20. Talk to strangers.

We tend to surround ourselves with people who share similar backgrounds, career paths, and/or interests. By talking to strangers regularly, you open yourself up to a world a possibilities and diverse perspectives which you may not have been exposed to otherwise. Check out my articles, “Commuting Conversations: Life Lessons I’ve Learned from Talking to People on Public Transportation,” and “5 More Lessons I Learned from People on the Subway” to see just how fascinating and inspiring talking to strangers can be.

21. Journal.

It works. “When my children were young, I knew I wasn’t living life the way I wanted. I was always rushing down the hall at work to make sure they weren’t the last ones to be picked up from school. Life seemed like a broken record—the routine was uninspiring and I wanted to feel inspired for myself and my family. Every night after the kids went to bed, I started journaling about my ideal life. I made lists of the things I enjoyed doing regardless of whether or not they had anything to do with my career. I looked at what inspired me and then brainstormed ways I could start doing some of those things every day. I ended up registering an LLC, working on my passions on the side, and leaving my corporate job a year later.” —Rebecca P. Cohen, author of 15 Minutes Outside: 365 Ways to Get Out of the House and Connect with Your Kids


22. Travel.

Career coach Jessica Sweet recommends travel as the best way to get outside your bubble and see the world from other people’s perspectives. I have experienced this firsthand, and believe there is no better way to get back in touch with yourself and your passions. Check out “The Revitalizing Experience of Travel” or my post, “The Healing Powers of Rome: An Exercise in Purposeful Living.”

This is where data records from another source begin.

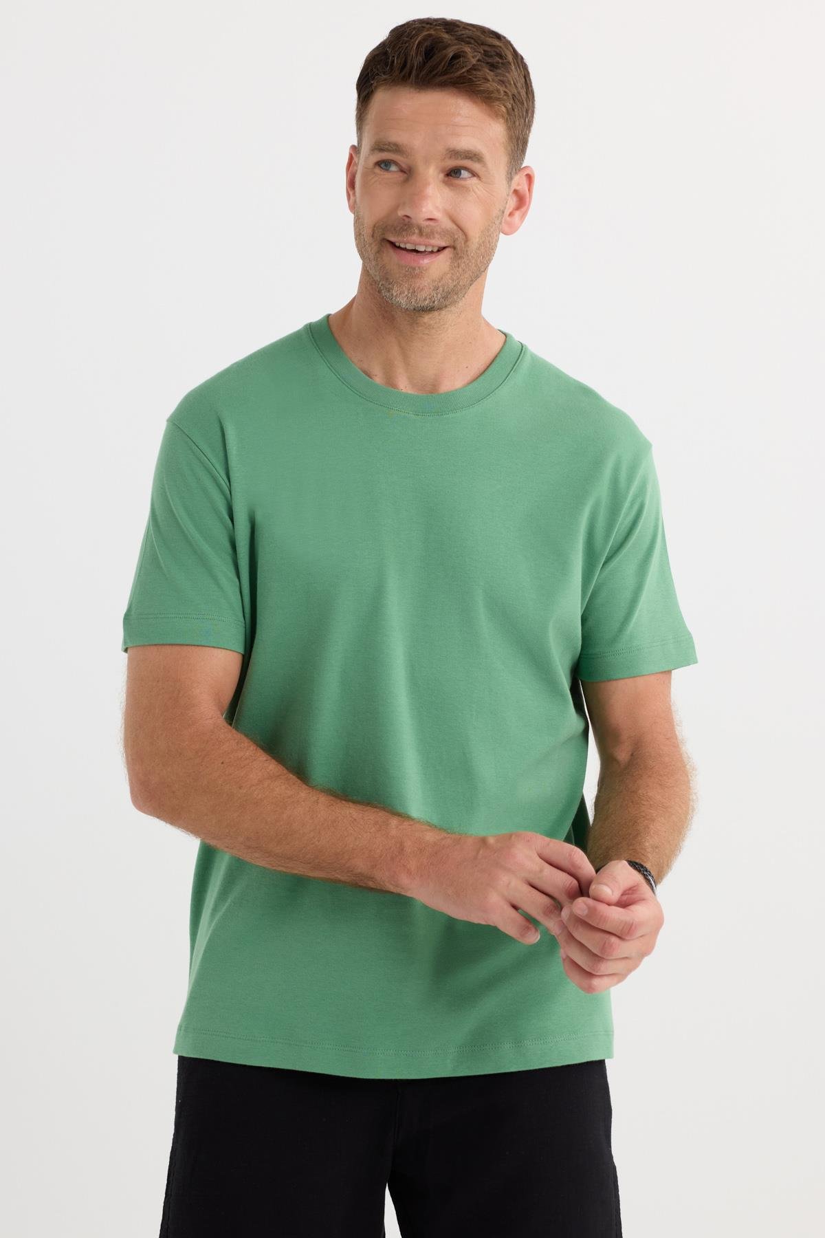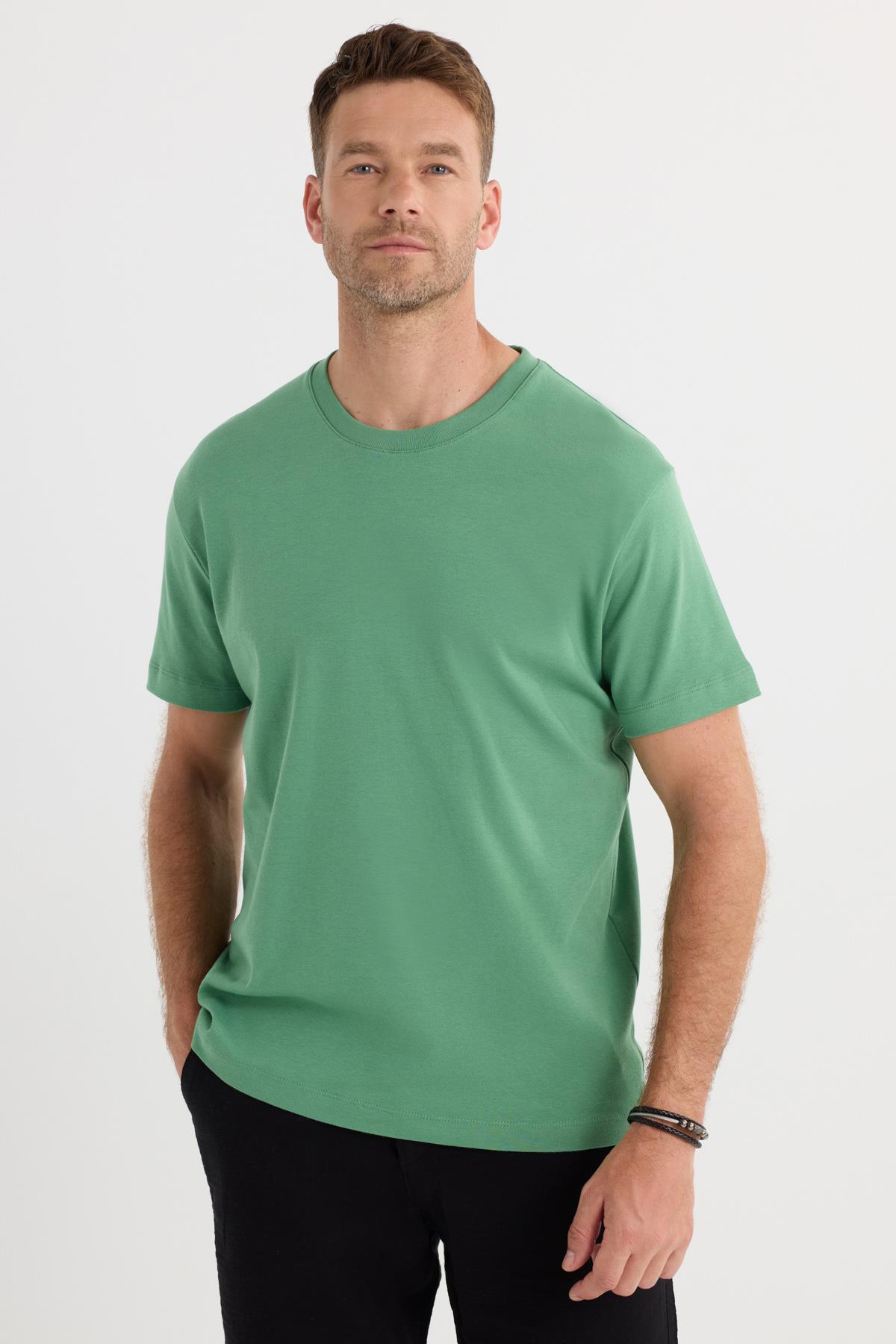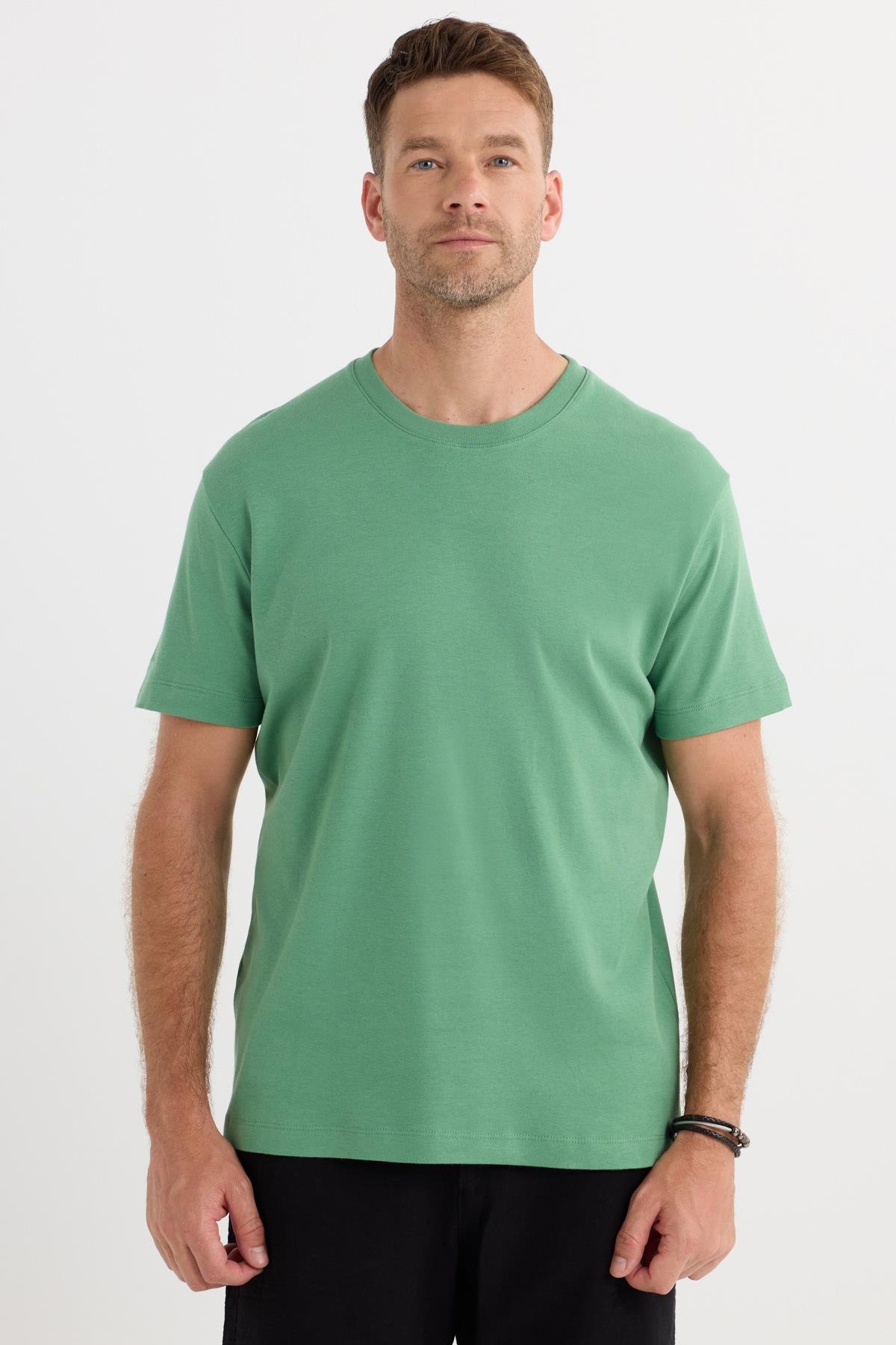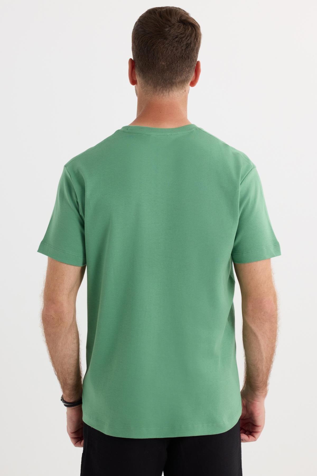 Unisex Relax Fit Rahat Kesim %100 Pamuk Yumuşak Dokulu Hafif Kalın Yeşil Bisiklet Yaka Tişört (TS240020-DGG)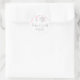 Um adesivo circular clássico de chá de fraldas moderno, com motivos dos flocos de neve cor-de-rosa-inverno e prateada, com o texto diz "Bebê, está frio lá fora"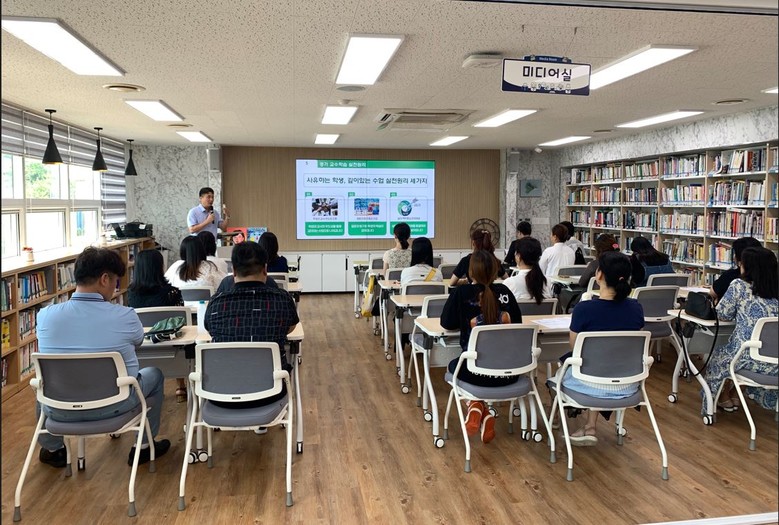 연수를 진행한 교장(김상도)은 미래 변화에 대응할 수 있는 학생들의 역량강화를 위해 ▶학생과 교사의 주도성 강화 ▶질문과 탐구중심 수업 ▶삶의 맥락중심 문제해결 등 수업실천원리에 대해 설명하고 다양한 학생 참여형 수업과 연계하여 사고의 힘을 키우는 평가를 강조했다.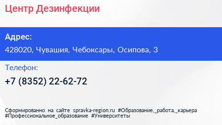 Центр Дезинфекции по адресу 428020, Чувашия, Чебоксары, Осипова, 3 в дальнейшем Организация, размещена в следующих категориях: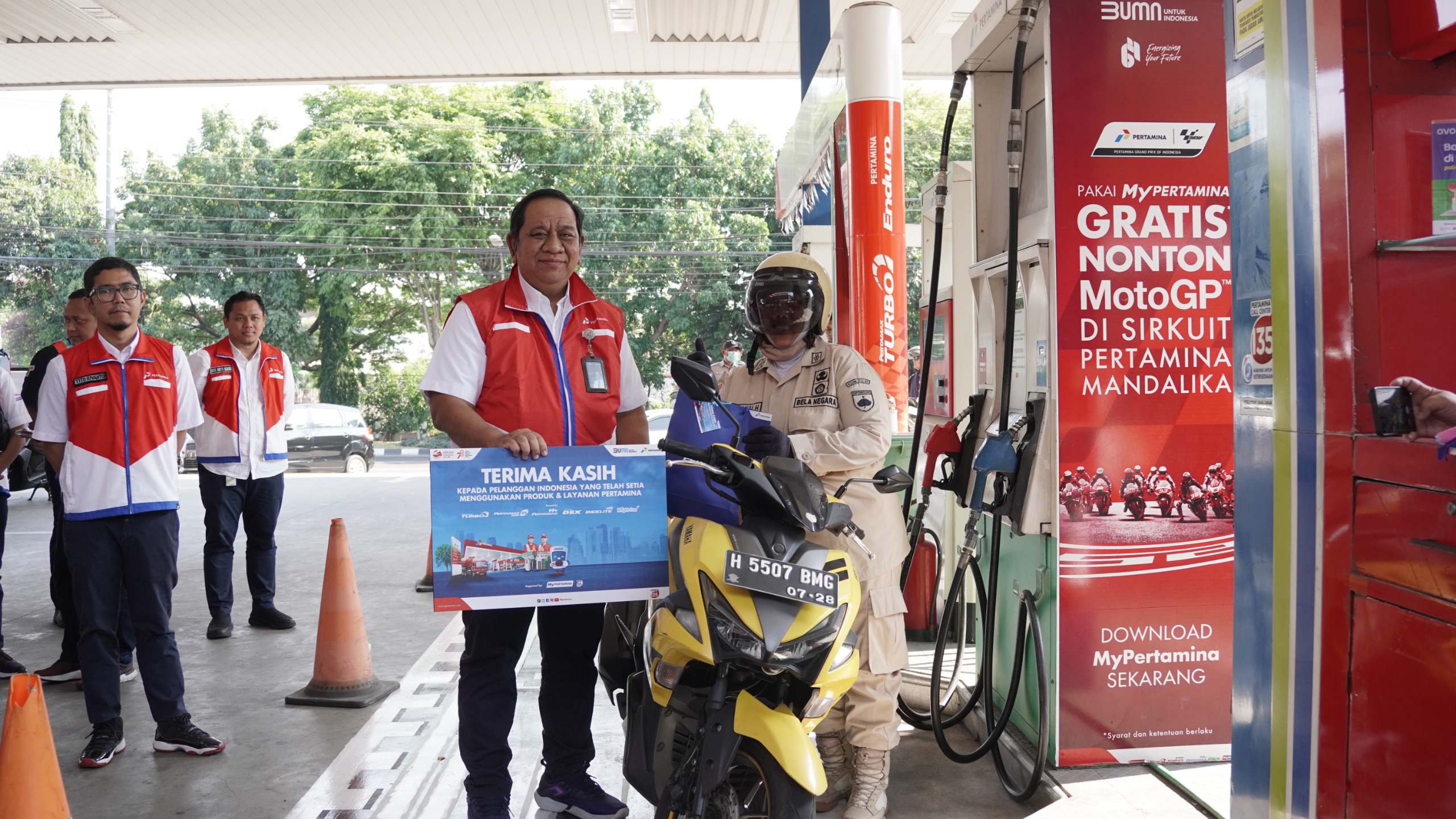 “Pada hari pelanggan yang jatuh pada hari ini (04/09) kami turun langsung untuk menemui pelanggan setia produk Pertamina. Untuk pengguna setia produk BBM berkualitas seperti Pertamax, Pertamax Turbo, Dexlite, dan Pertamina Dex yang beruntung akan mendapatkan e-voucher dengan minimal pembelian tertentu,” tutur Aji Anom.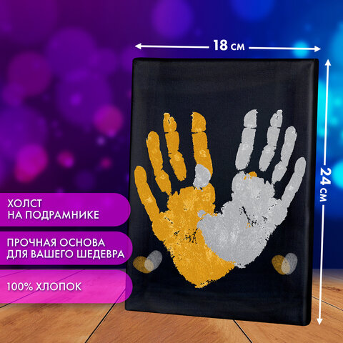 Набор отпечатки рук: холст 18х24 см, перламутр 3 цвета, кисть + сертификат В ПОДАРОК, BRAUBERG HOBBY, 192531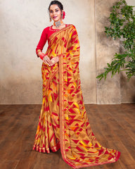 Vishal Prints Fawn Printed Chiffon Saree With Border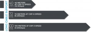 100 meters at CXP-3 speed (3 Gbps)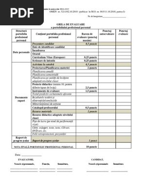 Fisa De Evaluare A Personalului Didactic 2019 Criterii Si Punctaje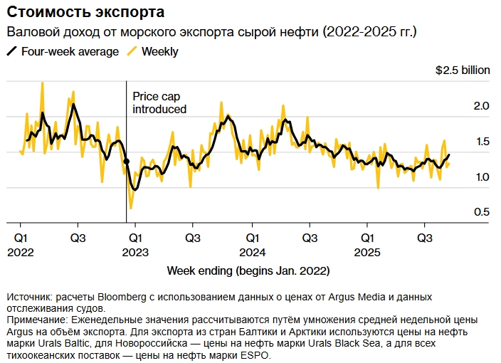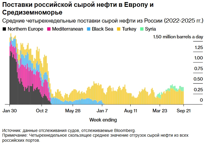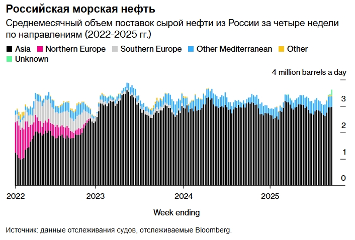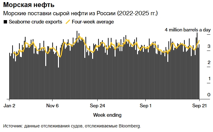 Согласно данным о движении судов, собранным агентством Bloomberg, среднесуточный объём экспортных отгрузок из российских портов за четыре недели достиг рекордных 3,62 млн баррелей. Этот показатель зафиксирован за 28-дневный период, завершившийся 21 сентября, и является самым высоким с мая 2024 года. Среднее значение позволяет более точно оценить основные тенденции, чем менее стабильные недельные показатели.

[Related: 10 Mistakes (Solo) Female Travelers Make]

23. Find a career role model and reach out.

“Find the profile of the person who you believe might have the job you want. Then pick up the phone, call the person, and invite him or her for a coffee. Ask questions and listen. Send a thank you note. Repeat. Read, ask questions, repeat. Don’t be afraid to switch careers, but do your research first.” —Jessica Buerger, community manager of Ideator

24. Give yourself constant positive reminders.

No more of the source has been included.